DATA: Begin

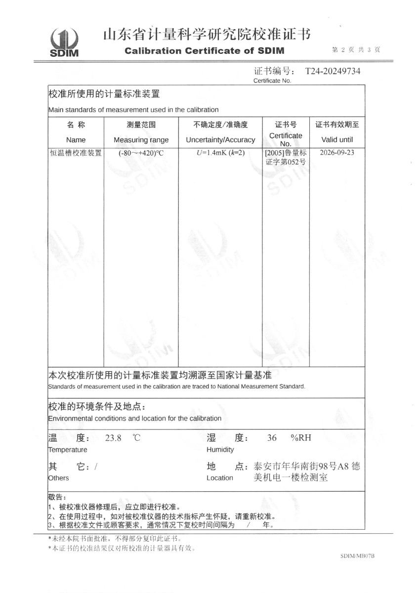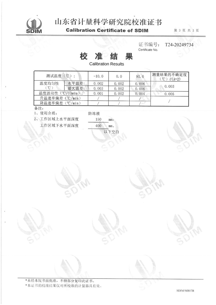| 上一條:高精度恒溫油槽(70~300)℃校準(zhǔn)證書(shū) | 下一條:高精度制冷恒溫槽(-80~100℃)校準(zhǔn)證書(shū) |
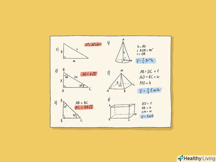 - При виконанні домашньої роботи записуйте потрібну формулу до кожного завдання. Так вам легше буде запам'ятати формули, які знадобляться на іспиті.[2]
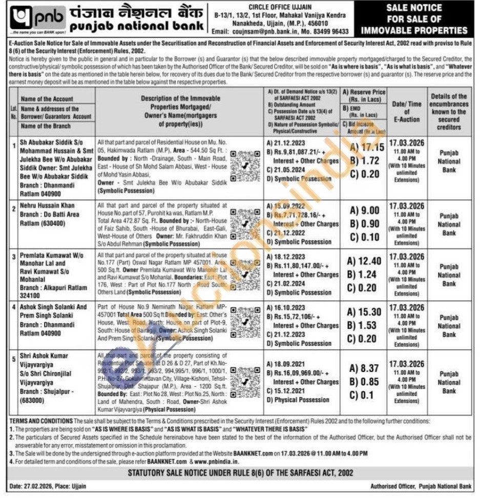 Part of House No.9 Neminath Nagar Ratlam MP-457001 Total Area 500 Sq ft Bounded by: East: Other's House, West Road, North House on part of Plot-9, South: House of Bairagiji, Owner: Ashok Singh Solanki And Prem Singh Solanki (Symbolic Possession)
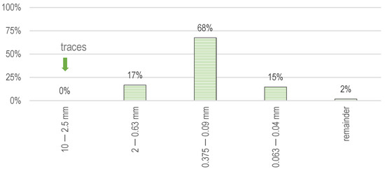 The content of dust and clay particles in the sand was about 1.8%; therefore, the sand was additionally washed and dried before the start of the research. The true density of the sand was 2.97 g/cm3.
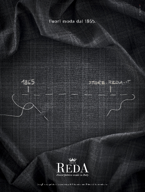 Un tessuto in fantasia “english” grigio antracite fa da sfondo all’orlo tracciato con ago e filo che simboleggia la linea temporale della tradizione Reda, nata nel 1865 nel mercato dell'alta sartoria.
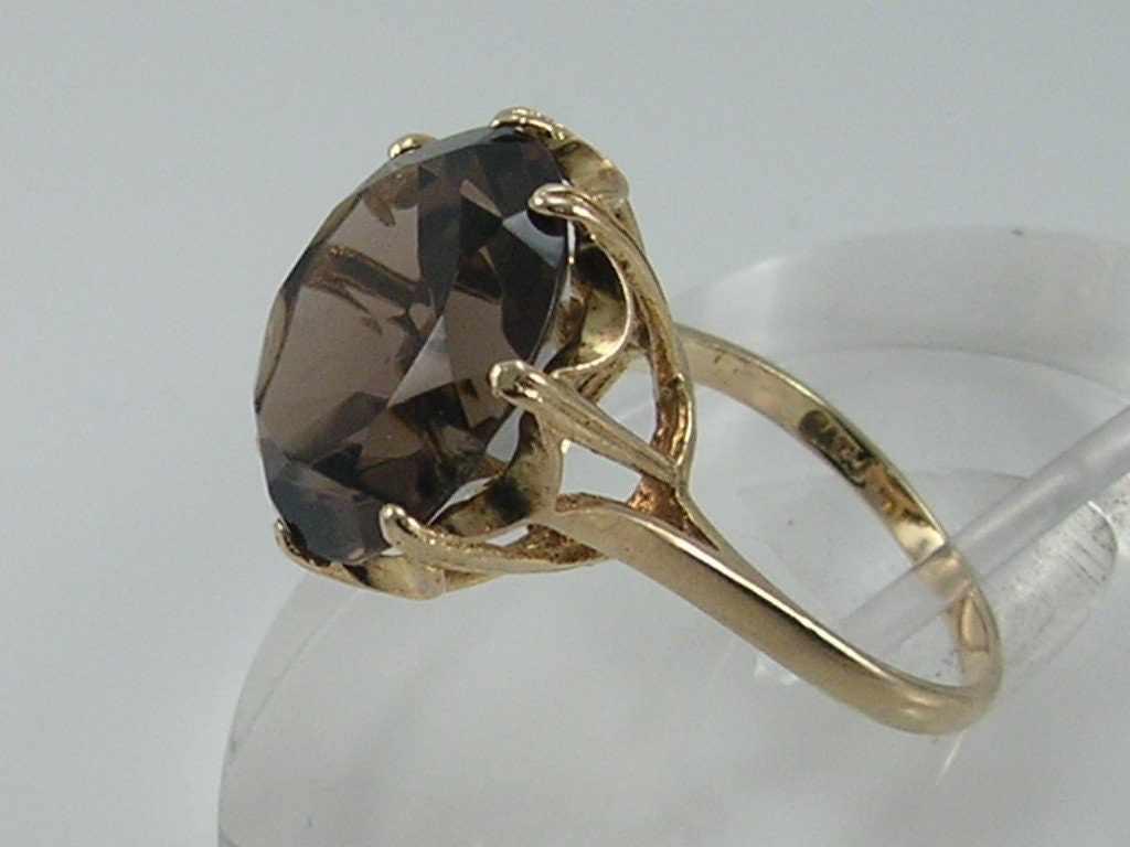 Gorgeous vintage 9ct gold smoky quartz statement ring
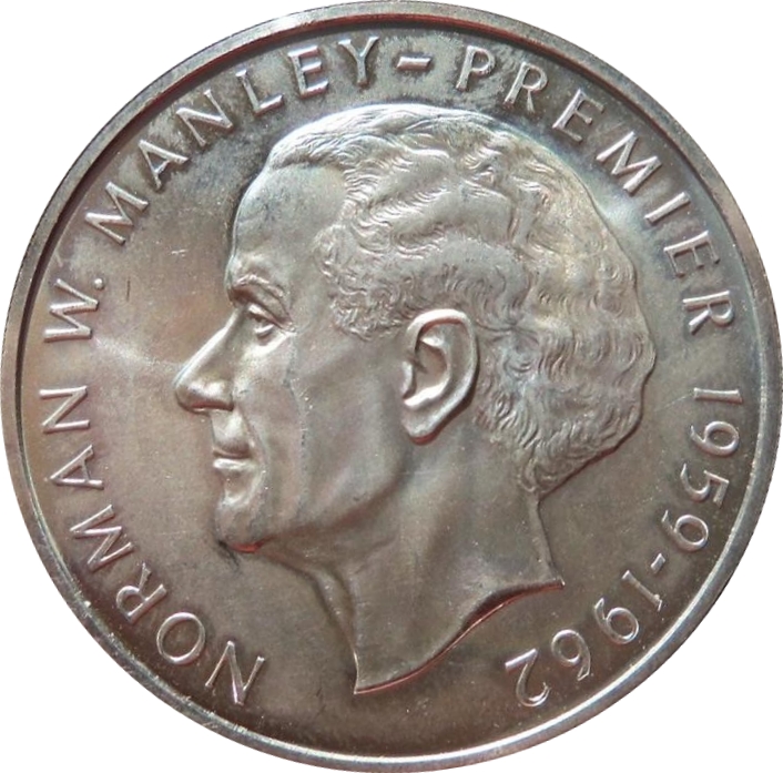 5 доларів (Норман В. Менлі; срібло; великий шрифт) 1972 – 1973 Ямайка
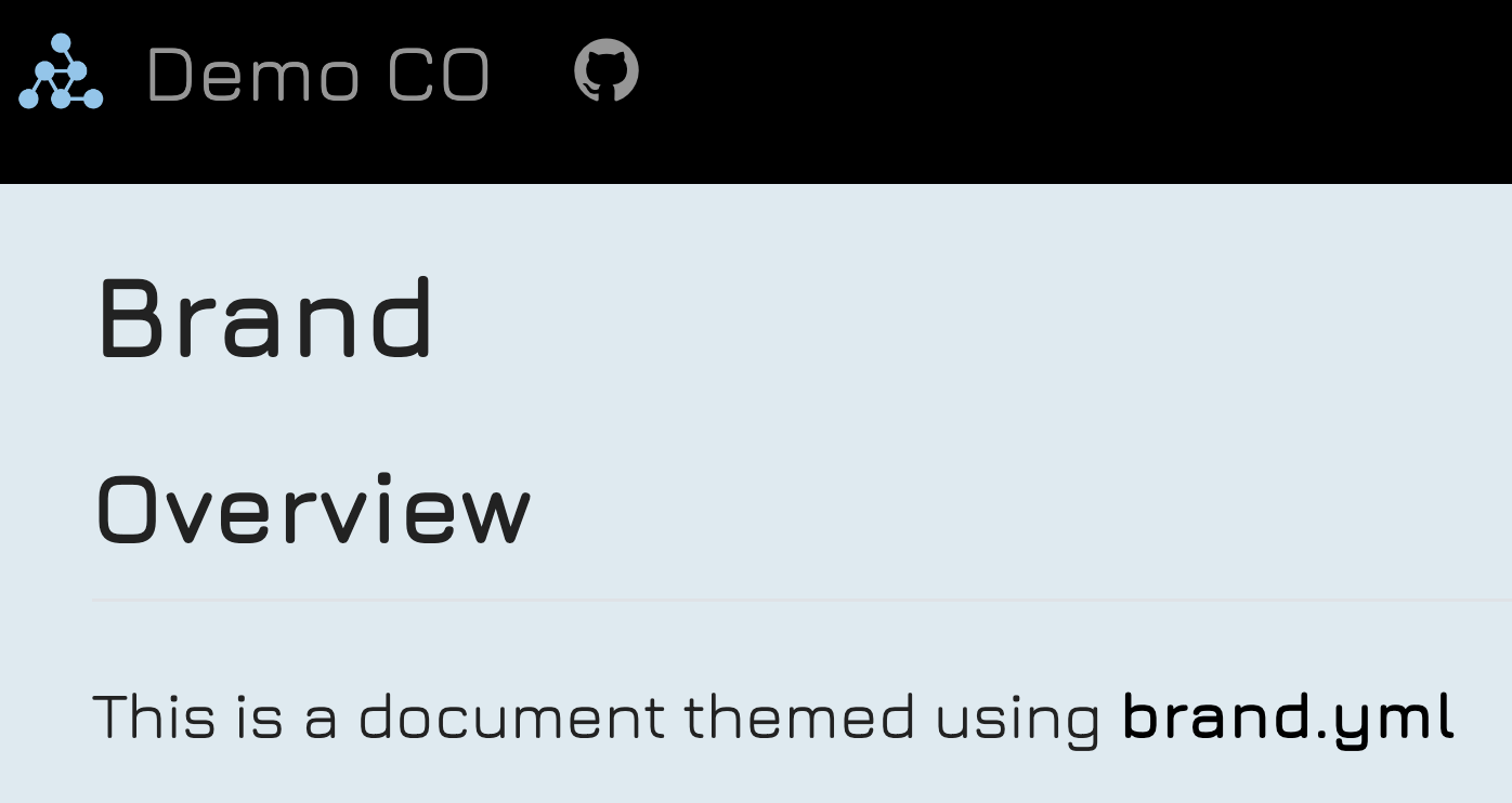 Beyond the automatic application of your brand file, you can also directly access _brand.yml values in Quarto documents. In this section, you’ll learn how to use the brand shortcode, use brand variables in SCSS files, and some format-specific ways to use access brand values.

DATA: End

WORK ITEM:
Copy each entry above exactly; drop the pictures.

REPLY TO THE EXERCISE:
| 上一條:高精度恒溫油槽(70~300)℃校準(zhǔn)證書(shū) | 下一條:高精度制冷恒溫槽(-80~100℃)校準(zhǔn)證書(shū) |
 - При виконанні домашньої роботи записуйте потрібну формулу до кожного завдання. Так вам легше буде запам'ятати формули, які знадобляться на іспиті.[2]
 Part of House No.9 Neminath Nagar Ratlam MP-457001 Total Area 500 Sq ft Bounded by: East: Other's House, West Road, North House on part of Plot-9, South: House of Bairagiji, Owner: Ashok Singh Solanki And Prem Singh Solanki (Symbolic Possession)
 The content of dust and clay particles in the sand was about 1.8%; therefore, the sand was additionally washed and dried before the start of the research. The true density of the sand was 2.97 g/cm3.
 Un tessuto in fantasia “english” grigio antracite fa da sfondo all’orlo tracciato con ago e filo che simboleggia la linea temporale della tradizione Reda, nata nel 1865 nel mercato dell'alta sartoria.
 Gorgeous vintage 9ct gold smoky quartz statement ring
 5 доларів (Норман В. Менлі; срібло; великий шрифт) 1972 – 1973 Ямайка
 Beyond the automatic application of your brand file, you can also directly access _brand.yml values in Quarto documents. In this section, you’ll learn how to use the brand shortcode, use brand variables in SCSS files, and some format-specific ways to use access brand values.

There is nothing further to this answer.